# Intake Catalog
Similar to the shopping catalog at your favorite online bookstore, the intake catalog contains information (e.g. model, variables, and time range) about each dataset (the title, author, and number of pages of the book, for instance) that you can access before loading the data. It means that thanks to the catalog, you can find where is the book just by using some keywords and you do not need to hold it in your hand to know the number of pages, for instance.

In [None]:
import intake
import pandas as pd

## Load the Intake Catalog
We load the catalog descriptor with the intake package. The catalog is updated daily.
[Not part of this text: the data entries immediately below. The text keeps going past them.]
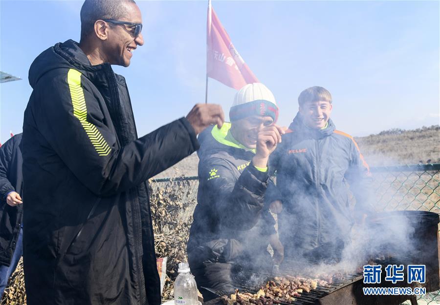 图为在新疆天山雪豹足球俱乐部的训练基地,维森特(左)和队员们一起烤羊肉串(11月5日摄)。 新华社记者王菲摄
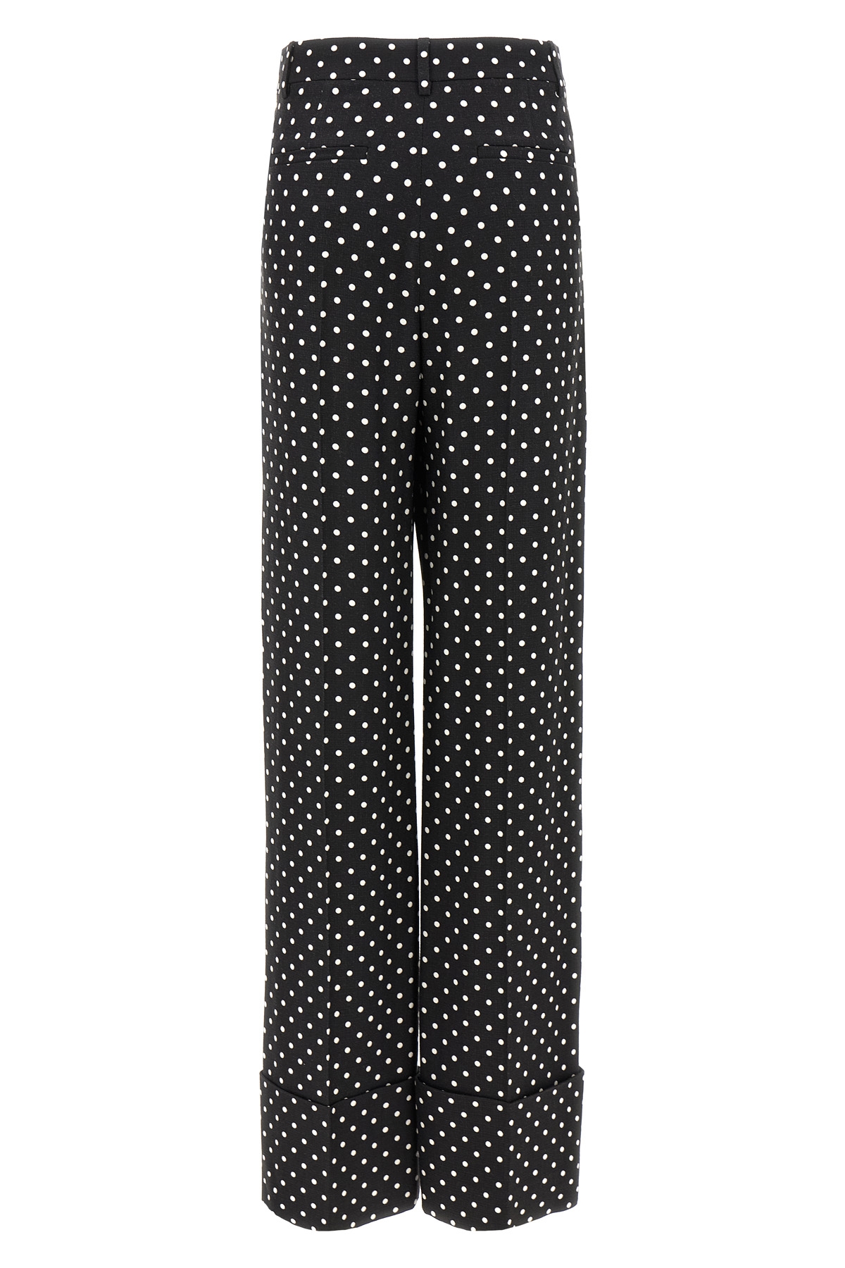 Plusdepolis Supergran print pants, wide leg, stretched pleat, hook and front button zip closure, pockets, maxi turn-up on the leg bottom.
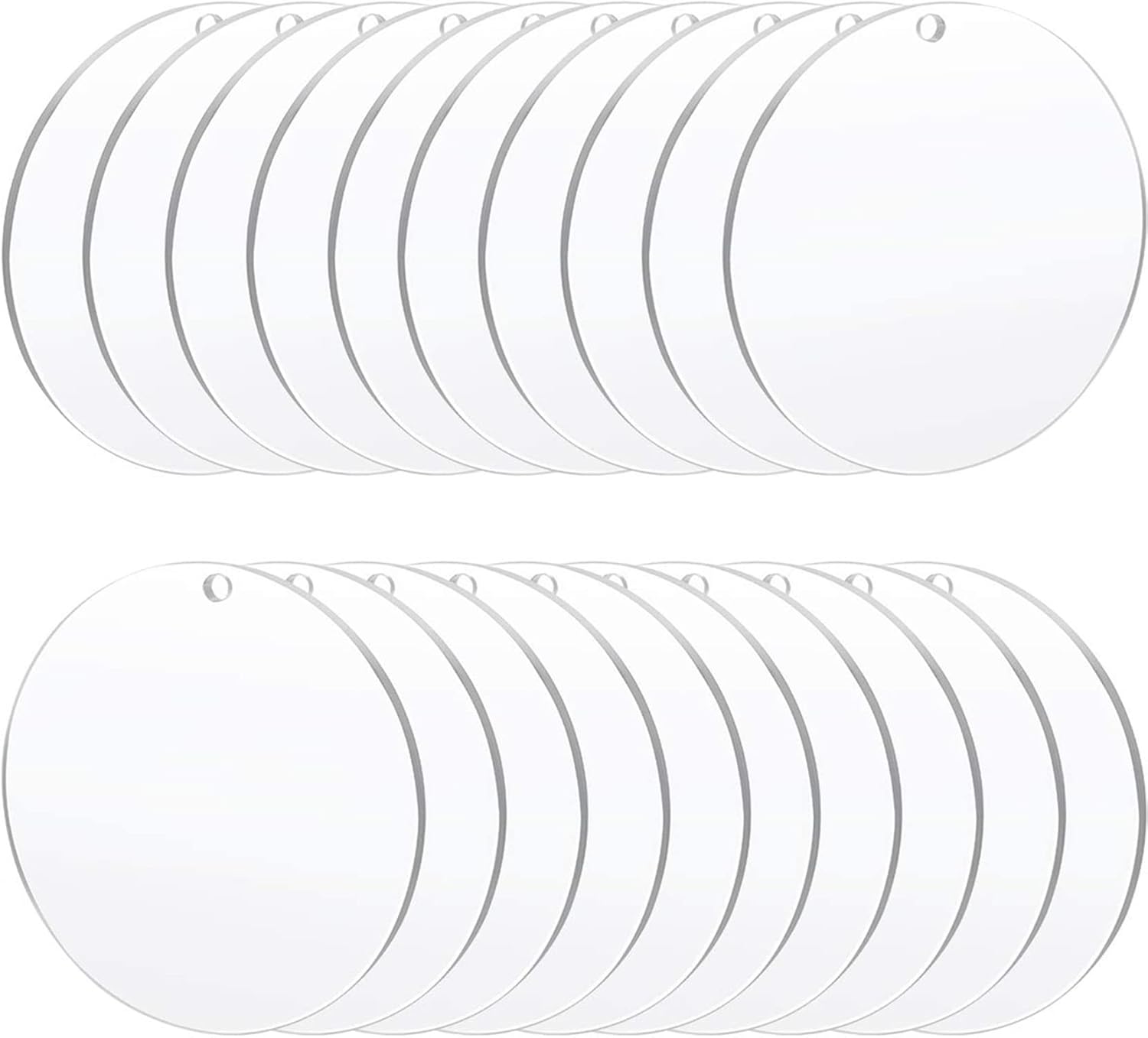 - Package Quantity:50 pieces 3.5" clear acrylic blanks round with 4 mm holes for easy hanging to make acrylic charms and clear craft ornaments

The catalog descriptor is created by the DKRZ developers that manage the catalog, you do not need to care so much about it, knowing where it is and loading it is enough:

In [None]:
# Path to catalog descriptor on the DKRZ server
col_url = "/work/ik1017/Catalogs/mistral-cmip6.json"

# Open the catalog with the intake package and name it "col" as short for "collection"
col = intake.open_esm_datastore(col_url)

Let's see what is inside the intake catalog. The underlying data base is given as a pandas dataframe which we can access with "col.df". Then, "col.df.head()" shows us the first rows of the table of the catalog.
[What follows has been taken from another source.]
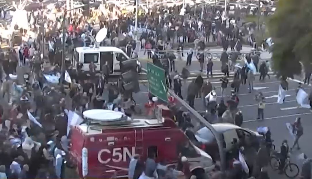 El equipo de prensa de C5N debió refugiarse al interior del vehículo del canal para escapar de las personas, pero eso no fue suficiente. Terminaron retirándose del lugar, ya que les arrojaron objetos y gritaron insultos a través de las ventanas del móvil.

This catalog contains all datasets of the CMIP6 archive at DKRZ. In the next step we narrow the results down by chosing a model and variable.

## Browse the Intake Catalog
In this example we chose the Max-Planck Earth System Model in High Resolution Mode ("MPI-ESM1-2-HR") and the maximum temperature near surface ("tasmax") as variable. We also choose an experiment. CMIP6 comprises several kind of experiments. Each experiment has various simulation members. you can find more information in the [CMIP6 Model and Experiment Documentation](https://pcmdi.llnl.gov/CMIP6/Guide/dataUsers.html#5-model-and-experiment-documentation).

In [None]:
# This is how we tell intake what data we want

query = dict(
    source_id      = "MPI-ESM1-2-LR", # the model 
    variable_id    = "tasmax", # temperature at surface, maximum
    table_id       = "day", # daily maximum
    experiment_id  = "historical", # what we selected in the drop down menu,e.g. SSP2.4-5 2015-2100
    member_id      = "r10i1p1f1", # "r" realization, "i" initialization, "p" physics, "f" forcing
)

# Intake looks for the query we just defined in the catalog of the CMIP6 data pool at DKRZ
cat = col.search(**query)

# Show query results
cat.df

## Data Analysis
Now, it would be time for the analysis of the data. As this notebook focuses only on intake, we recommend reading `use-case_frost_days_intake_xarray_cmip6.ipynb`, `use-case_multimodel_comparison_xarray_cdo_cmip6.ipynb`, `use-case_summer_days_intake_xarray_cmip6.ipynb` or `use-case_tropical_nights_intake_xarray_cmip6.ipynb` for more information on data analysis.

## Save Selection
In order to use the exact same data collection at a later point, you can save your collection. For this, you need to specify a location and a file name. The collection will be saved as human readable `.csv` file.

In [None]:
# File Location
file_loc = '.'
file_name = 'my_col'

In [None]:
cat.df.to_csv(file_loc +'/' +file_name +'.csv', index=False)

## Open Saved Selection
You can access your saved collection by reading the `.csv` file with `pd.read_csv(<file location>/<file name>)`.

In [None]:
my_col = pd.read_csv(file_loc +'/' +file_name +'.csv')

Below you can view your saved collection.

In [None]:
my_col